===== Listed entries

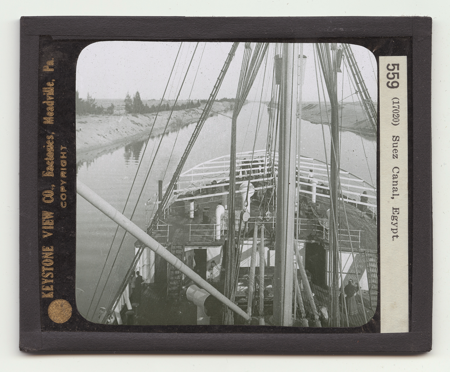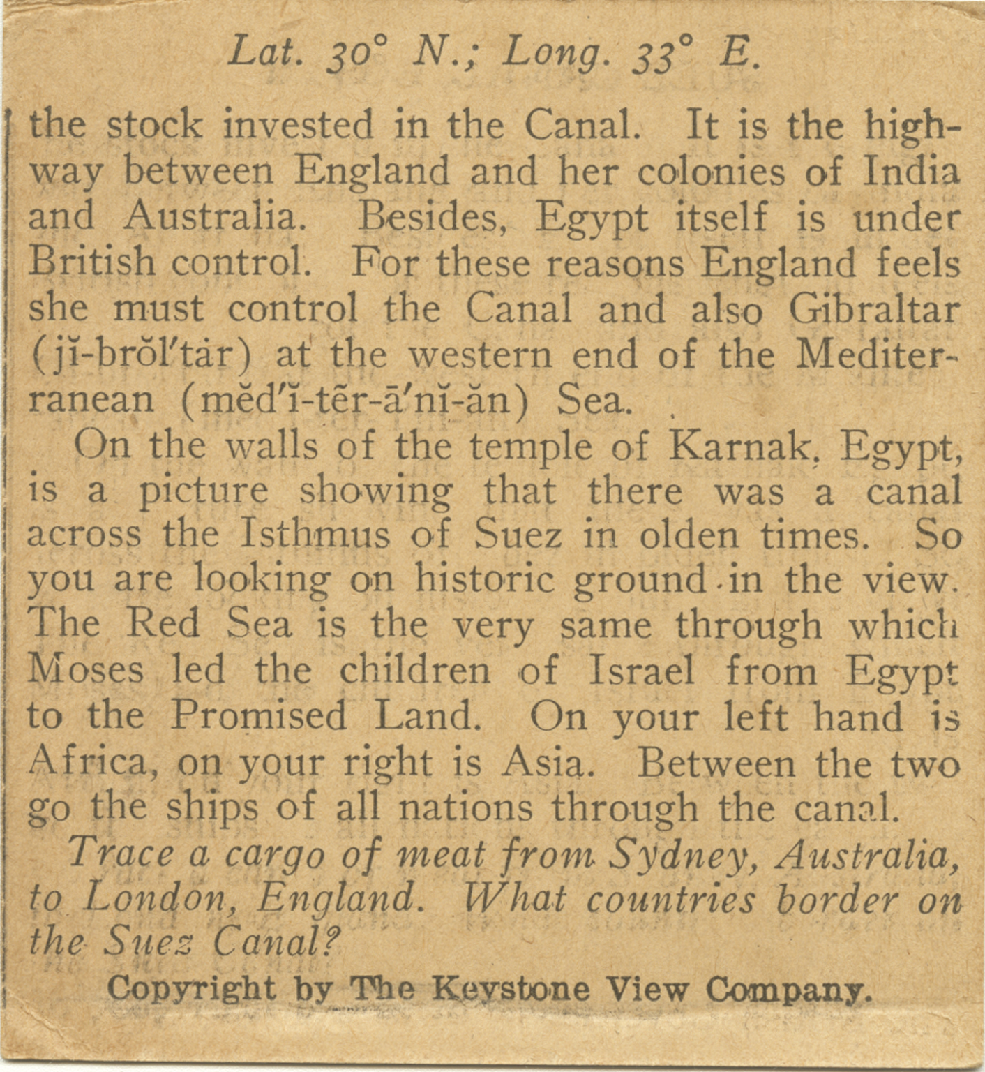 the stock invested in the Canal. It is the highway between England and her colonies of India and Australia. Besides, Egypt itself is under British control. For these reasons England feels she must control the Canal and also Gibraltar at the western end of the Miditerraen Sea. On the walls of the temple of Karnak, Egypt, is a picture showing that there was a canal across the Isthmus of Suez in olden times. So you are looking on historic ground in the view. The Red Sea is the very same through which Moses led the children of Israel from Egypt to the Promised Land. On your left hand is Africa, on your right is Asia. Between the two go the ships of all nations through the canal. Trace a cargo of meat from Sydney, Australia, to London, England. What countries border on the Suez Canal?
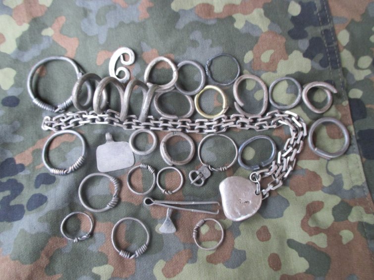 На фото медь чистая медь, в данном случае провода от трамвая. Я имел ввиду цветной метал (и по возможности черный), поясок к гнутой гильзе, там жаканчик, такой нежданчик и еще жаканчик и поясок - в приемку и на вырученные деньги покупай что не выкопал на ауках Родины или из экипировки что то или холодильник забей продуктами. "Прошу прощения, а что это на лопате на первом фото, круглое!?" Старинное женское серебряное украшение. С ув.
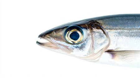 close up view showcases a herring revealing its sleek body and notable eye detail. The fish is prominently displayed against a stark white backdrop.
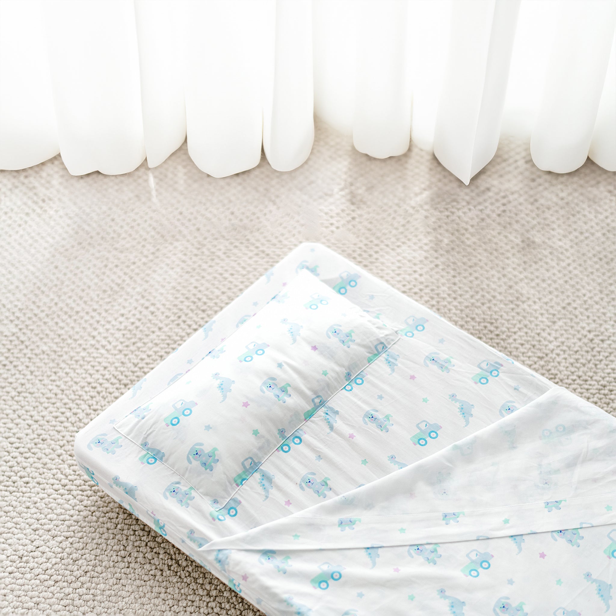 - Dino Dreams features a calming teal colour palette of trucks, dogs and cute dinosaurs so they drift off with ease.
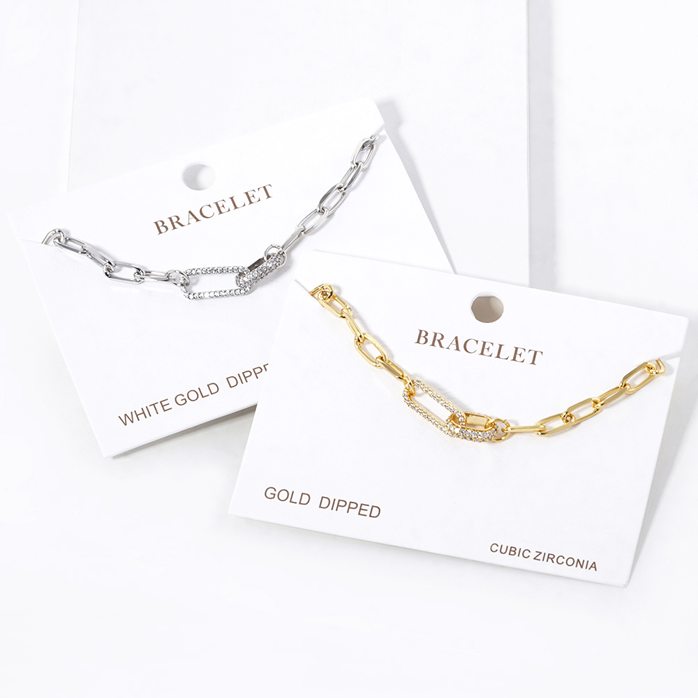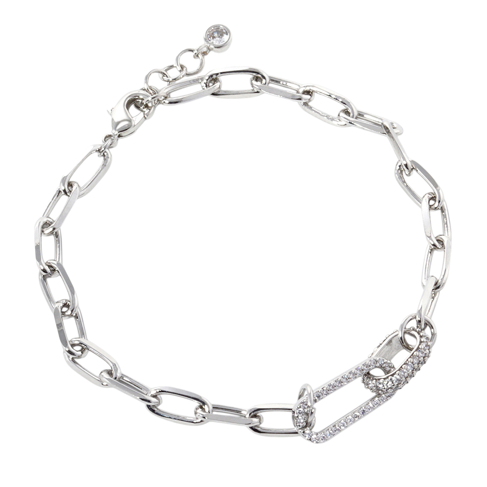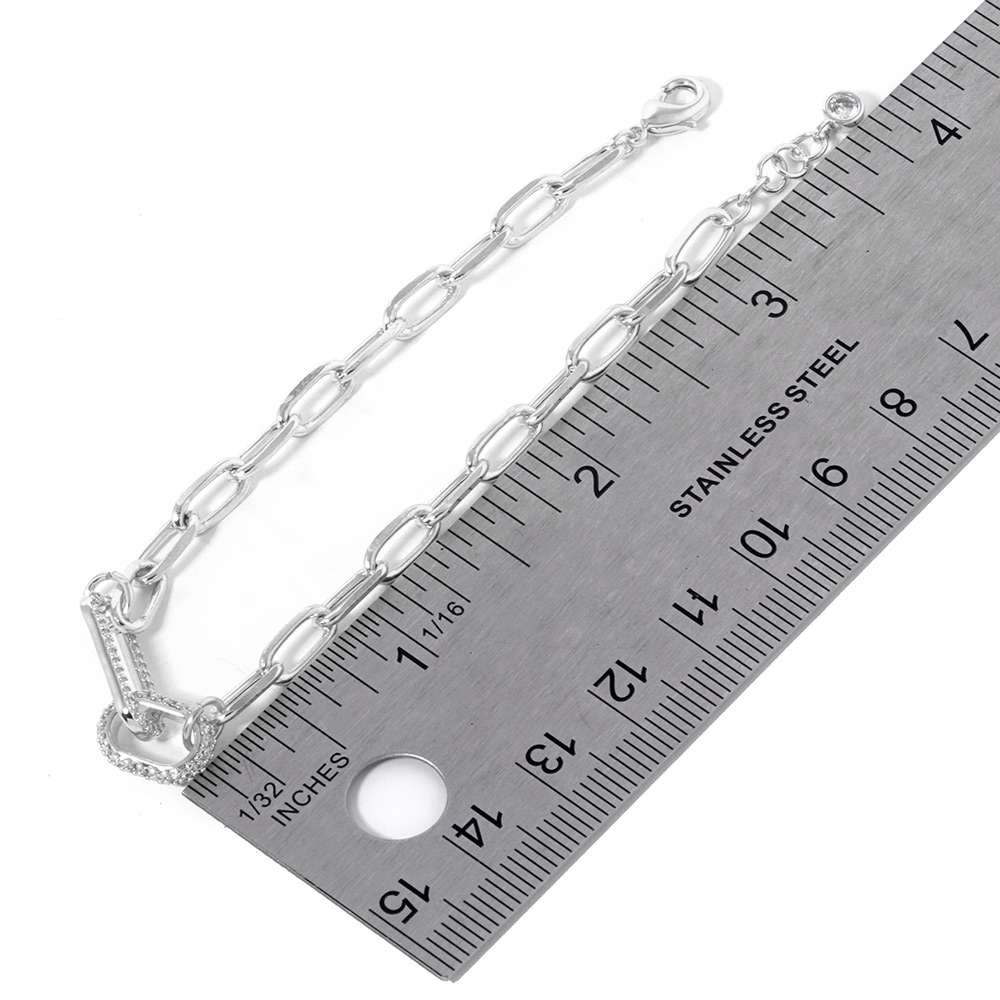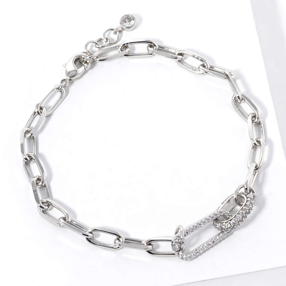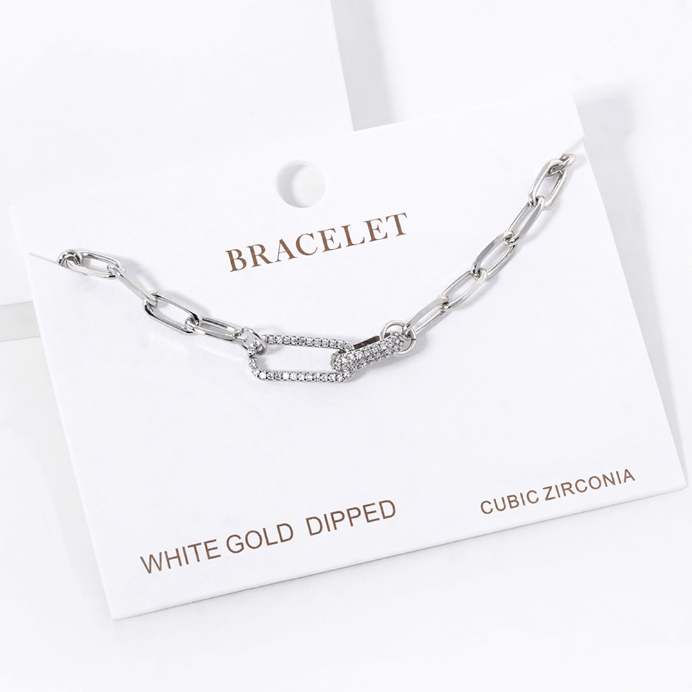 Details • Size : 0.3" H, 7.25" + 1.5" L • Lobster Clasp Closure • Elegant paperclip chain bracelet featuring a pave crystal accent link. A versatile accessory perfect for adding sparkle to both casual and formal outfits. • Lead and Nickel Compliant • Made In Korea • Gold Dipped • CZ Cubic Zirconia

==========

■ Problem description
Write out exactly the run of lines above that starts at the line containing "На фото медь" and ends at the line containing "- Dino Dreams". Include both, and leave the pictures out.

■ Answer space
 На фото медь чистая медь, в данном случае провода от трамвая. Я имел ввиду цветной метал (и по возможности черный), поясок к гнутой гильзе, там жаканчик, такой нежданчик и еще жаканчик и поясок - в приемку и на вырученные деньги покупай что не выкопал на ауках Родины или из экипировки что то или холодильник забей продуктами. "Прошу прощения, а что это на лопате на первом фото, круглое!?" Старинное женское серебряное украшение. С ув.
 close up view showcases a herring revealing its sleek body and notable eye detail. The fish is prominently displayed against a stark white backdrop.
 - Dino Dreams features a calming teal colour palette of trucks, dogs and cute dinosaurs so they drift off with ease.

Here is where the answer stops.